• _Requirement_
An exact copy is needed of the lines in the entries below from the line with "- Вытаскивается жгут" up to and including the line with "Tressler is pleased", and of nothing else. Leave the pictures out.

• _Data for this exercise_
┌──

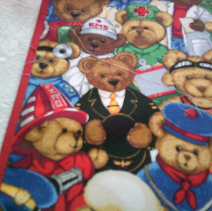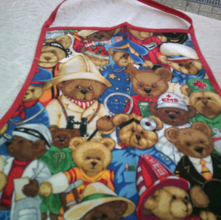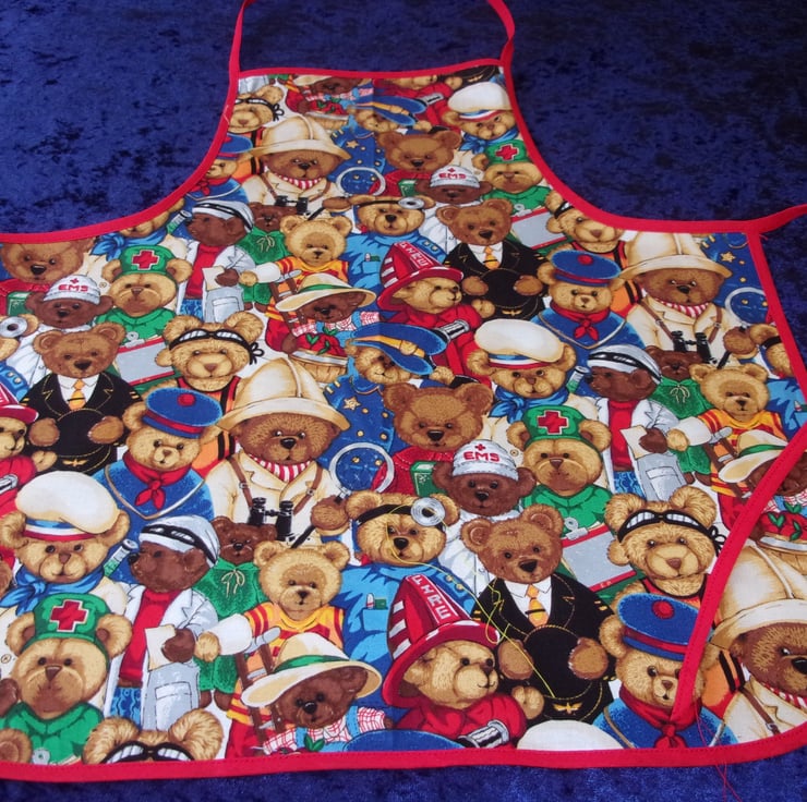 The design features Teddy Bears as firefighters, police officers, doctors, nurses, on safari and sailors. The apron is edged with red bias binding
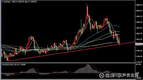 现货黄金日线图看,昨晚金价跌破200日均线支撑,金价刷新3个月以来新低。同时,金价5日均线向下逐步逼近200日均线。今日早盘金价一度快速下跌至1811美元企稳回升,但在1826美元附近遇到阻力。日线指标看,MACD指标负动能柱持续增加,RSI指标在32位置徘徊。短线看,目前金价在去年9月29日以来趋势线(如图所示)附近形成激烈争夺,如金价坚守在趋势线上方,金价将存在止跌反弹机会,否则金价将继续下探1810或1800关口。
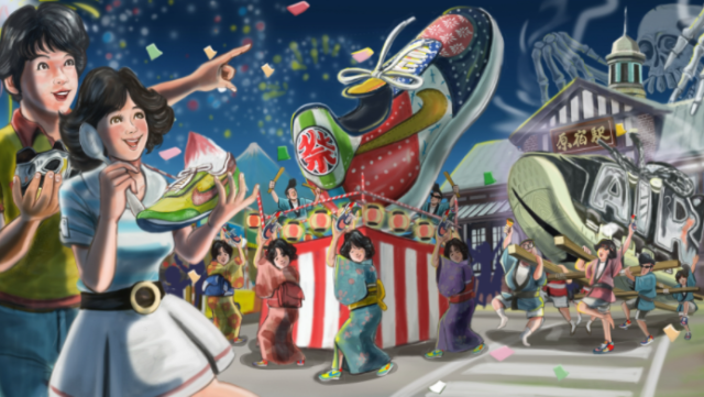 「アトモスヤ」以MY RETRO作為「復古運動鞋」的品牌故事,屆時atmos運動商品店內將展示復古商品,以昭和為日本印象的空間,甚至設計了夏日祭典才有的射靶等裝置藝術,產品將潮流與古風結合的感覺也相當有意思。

└──
┌──

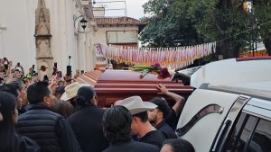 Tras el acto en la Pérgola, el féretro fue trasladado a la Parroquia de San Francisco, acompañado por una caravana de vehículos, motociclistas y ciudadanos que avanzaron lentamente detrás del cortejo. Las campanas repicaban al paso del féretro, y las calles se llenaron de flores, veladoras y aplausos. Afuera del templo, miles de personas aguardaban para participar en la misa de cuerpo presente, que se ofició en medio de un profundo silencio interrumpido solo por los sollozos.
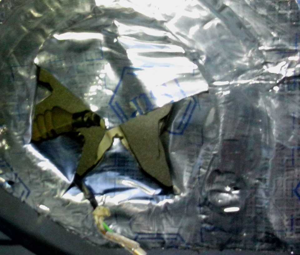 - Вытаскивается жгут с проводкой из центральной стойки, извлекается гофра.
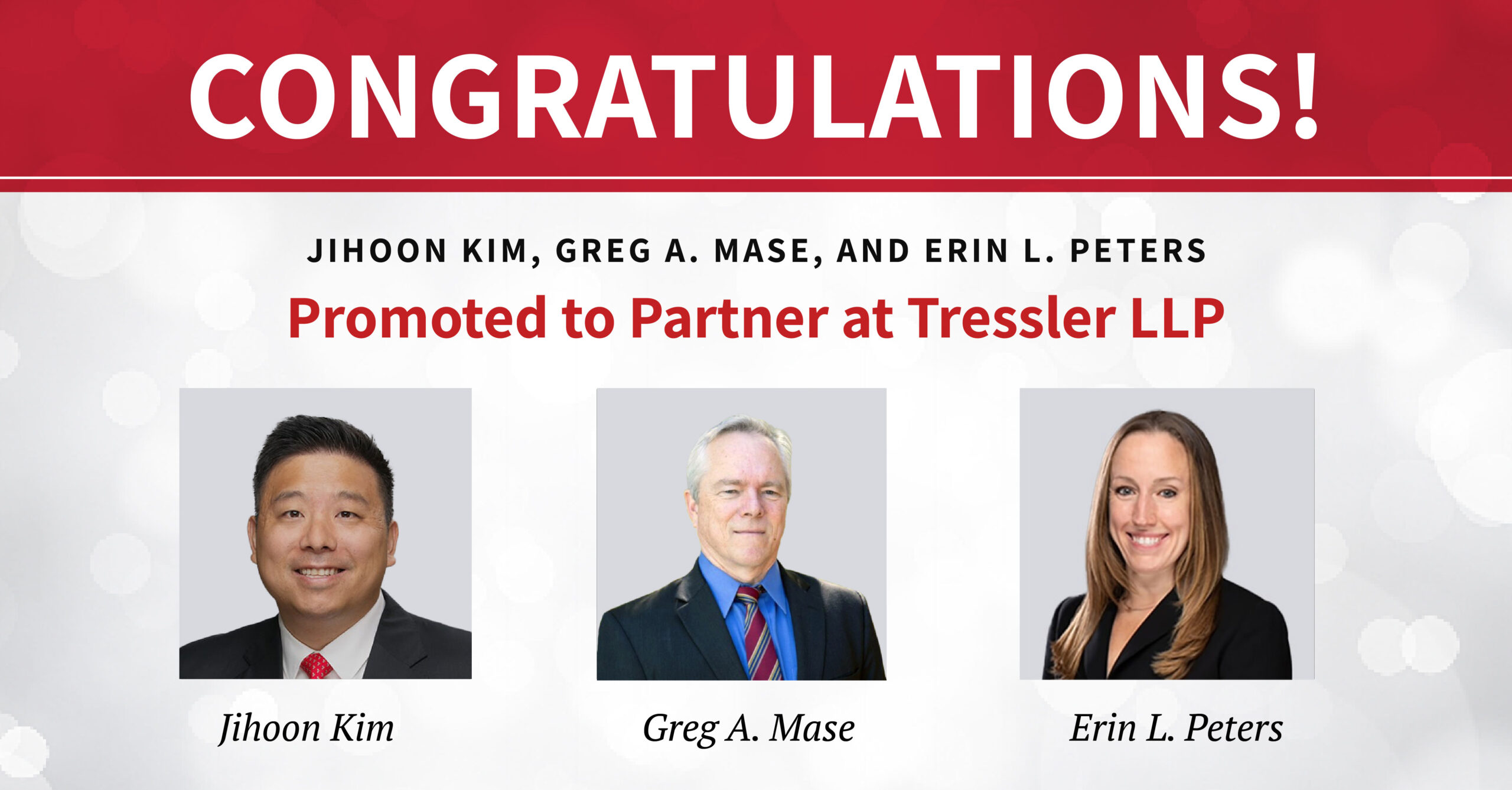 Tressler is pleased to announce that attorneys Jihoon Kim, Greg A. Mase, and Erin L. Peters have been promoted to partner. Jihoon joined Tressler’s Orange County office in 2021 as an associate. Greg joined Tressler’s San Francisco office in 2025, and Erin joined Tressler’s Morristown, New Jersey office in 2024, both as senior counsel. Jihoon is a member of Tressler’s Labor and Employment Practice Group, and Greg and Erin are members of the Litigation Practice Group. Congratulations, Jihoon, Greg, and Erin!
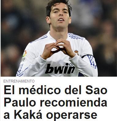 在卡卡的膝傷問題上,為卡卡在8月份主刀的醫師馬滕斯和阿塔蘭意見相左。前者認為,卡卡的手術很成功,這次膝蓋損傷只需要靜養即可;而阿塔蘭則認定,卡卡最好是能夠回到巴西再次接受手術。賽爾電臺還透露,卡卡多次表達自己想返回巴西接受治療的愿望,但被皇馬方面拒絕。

└──
┌──

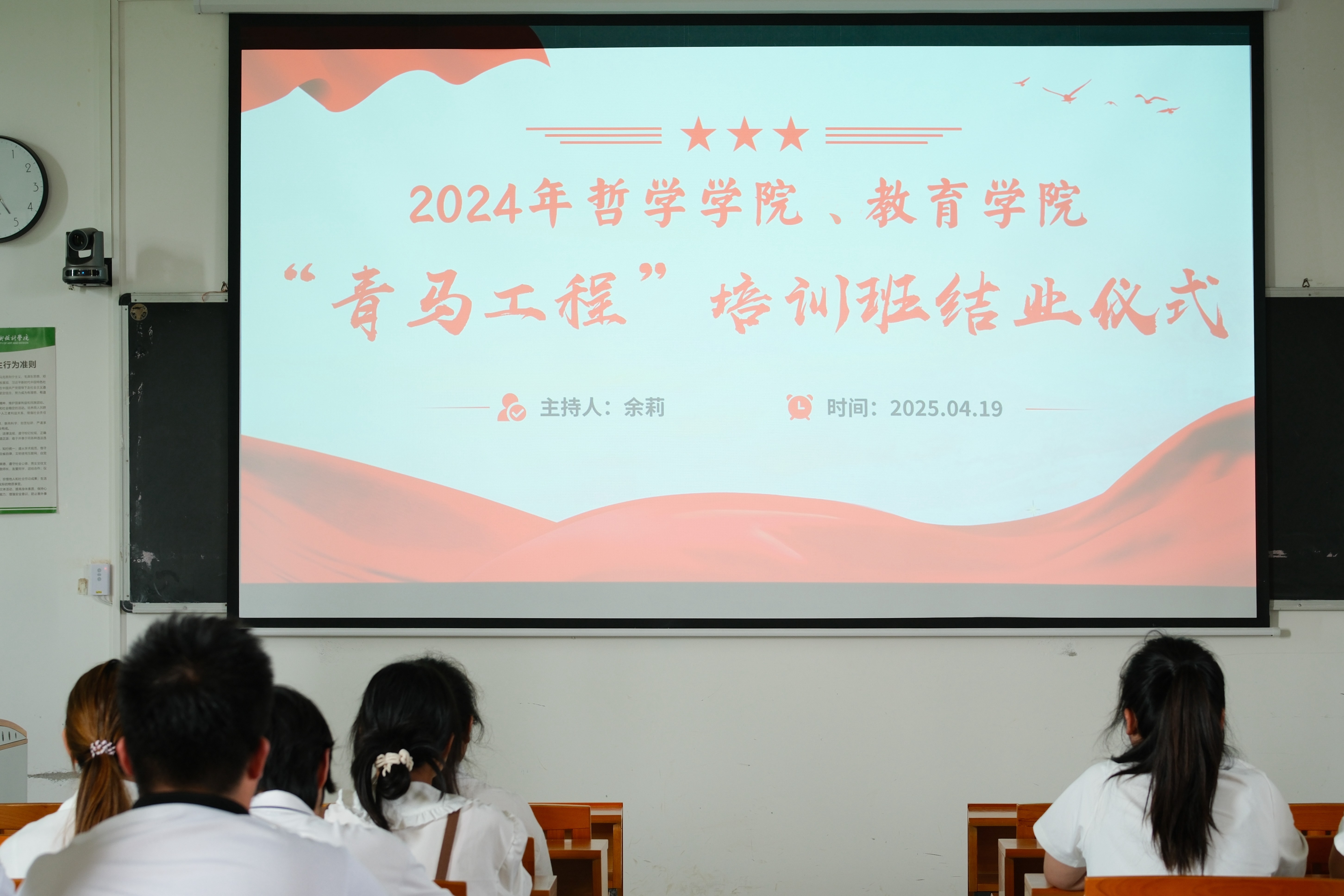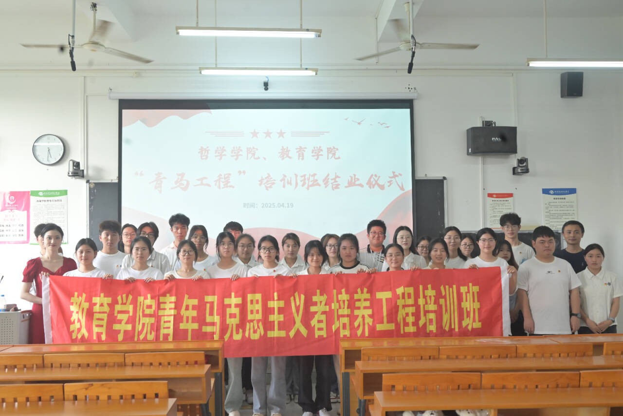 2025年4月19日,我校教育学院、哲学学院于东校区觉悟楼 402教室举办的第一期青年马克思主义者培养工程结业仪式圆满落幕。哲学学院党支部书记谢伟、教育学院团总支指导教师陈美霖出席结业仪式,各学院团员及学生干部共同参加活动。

└──

• _Your response_
 - Вытаскивается жгут с проводкой из центральной стойки, извлекается гофра.
 Tressler is pleased to announce that attorneys Jihoon Kim, Greg A. Mase, and Erin L. Peters have been promoted to partner. Jihoon joined Tressler’s Orange County office in 2021 as an associate. Greg joined Tressler’s San Francisco office in 2025, and Erin joined Tressler’s Morristown, New Jersey office in 2024, both as senior counsel. Jihoon is a member of Tressler’s Labor and Employment Practice Group, and Greg and Erin are members of the Litigation Practice Group. Congratulations, Jihoon, Greg, and Erin!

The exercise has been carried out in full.